Итак, младенец был назван Раймундом Леопольдом Моцартом, и Вольфганг написал Папе, объяснив, почему вынужден был так сделать, и добавил:
«Второе его имя Леопольд, и все говорят, что он моя копия, я полагаю, это должно вас порадовать».
70
Убедившись, что Раймунд Леопольд находится под надежным присмотром своей кормилицы в пригороде Вены, в Нейштифте, Вольфганг и Констанца отправились в Зальцбург. Оба не уверены были, правильно ли поступают, оставляя младенца в чужих руках, но госпожа Вебер уговорила их. Месячный ребенок не выдержит путешествия, а у опытной кормилицы, которая содержит специальный дом для младенцев, он будет прекрасно развиваться. Так уж принято растить детей – ее дети росли точно так же, ну и потом, она непременно будет сама присматривать за малышом.

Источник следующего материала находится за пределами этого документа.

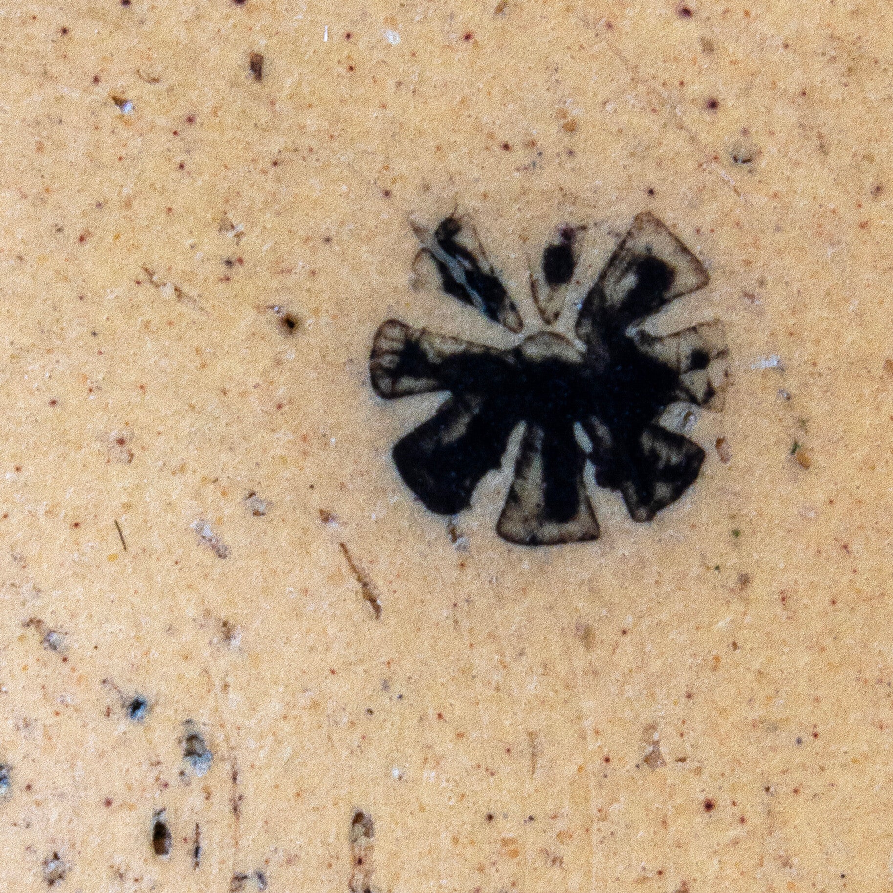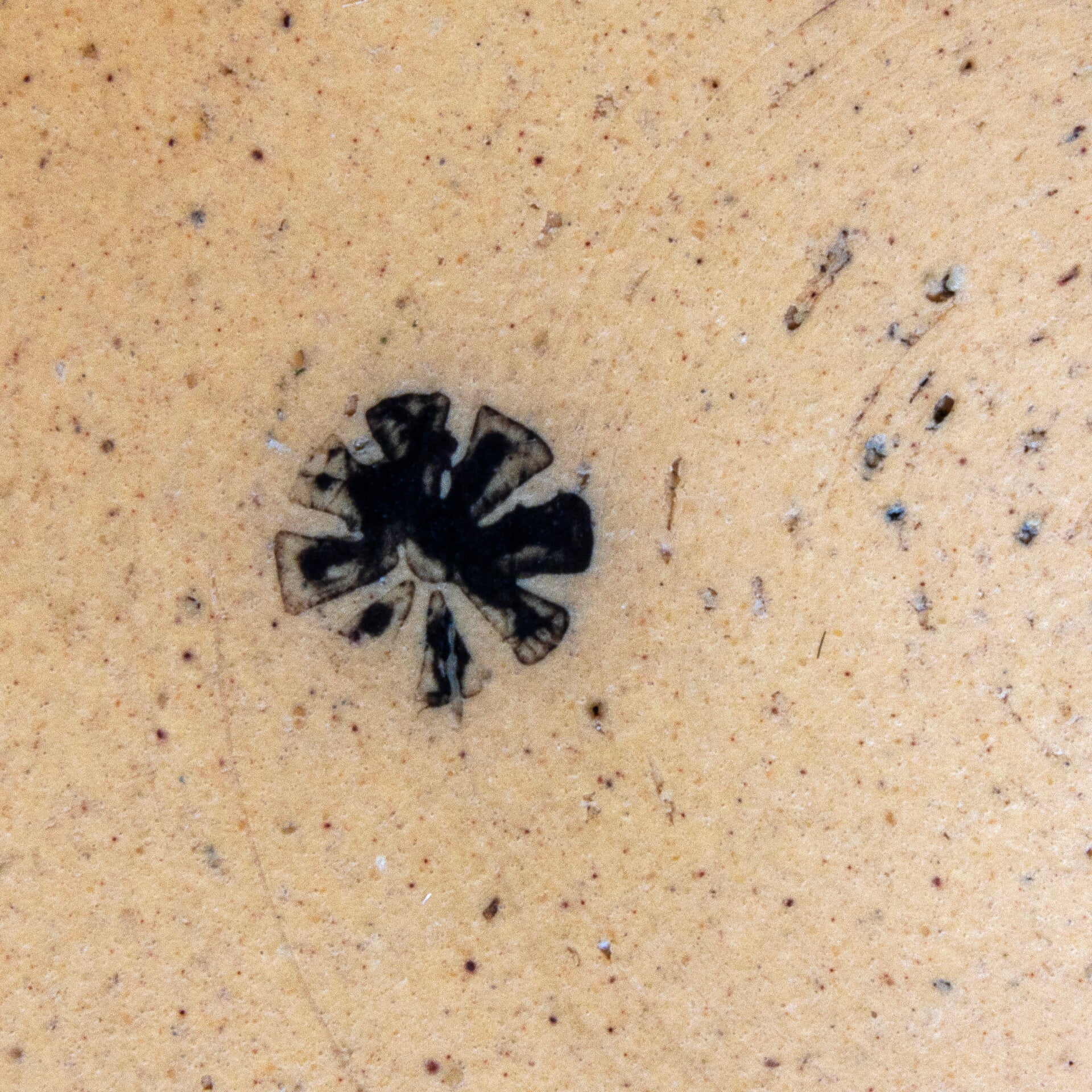 Langley Mill Pottery operated from 1865 to 1982, undergoing a number of name changes. This is a wonderful example of their craft, probably from around the 1930’s but prior to WW2 or the early post-war period. This dating is based on the use of the “windmill” backstamp that can be seen in the last image for this item. While it is smudged the form of the backstamp is discernible and the pa. tent number also assists in identification. The humidor stands 125mm tall to the top of the brass screw (tightened down) and has a maximum diameter of approximately the same measure. The construction materiel is a stoneware style pottery and the brass ‘frog’ is easy to tighten or release. The rubber seal appears intact and capable of giving and airtight seal. The body shape fits with humidors being made pre and post WW2 but in all the years I have had this jar I have failed to find a similar or matching applied pattern.
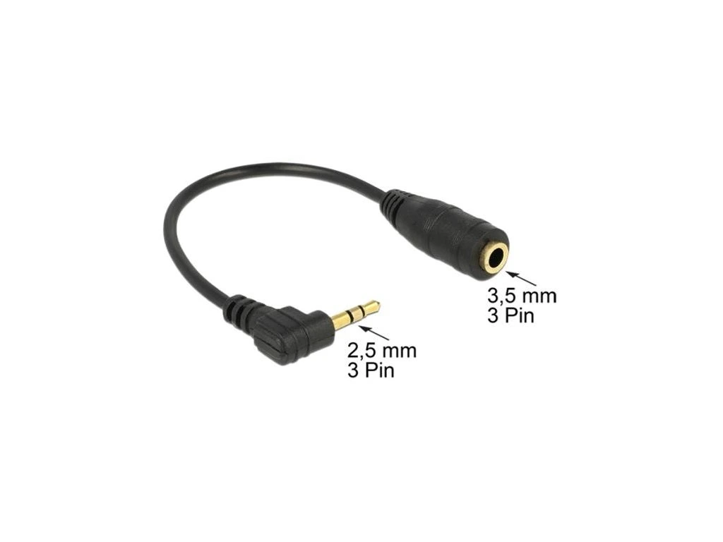 Delock audio stereo kabel 2,5 mm samec pravoúhlý na 3,5 mm samice,3 pin 14 cm

Окрестности Зальцбурга очень понравились Констанце, но от страха ее бросало то в жар, то в холод. Вольфгангу хорошо – он едет домой, она же, по мере того как приближалась встреча с его родными, испытывала все большую тревогу и неуверенность в себе. Горы остались позади, карета затряслась по Линцерштрассе, и Констанца увидела крепость Гогензальцбург на вершине Монхсберга – словно железная корона, крепость увенчивала город.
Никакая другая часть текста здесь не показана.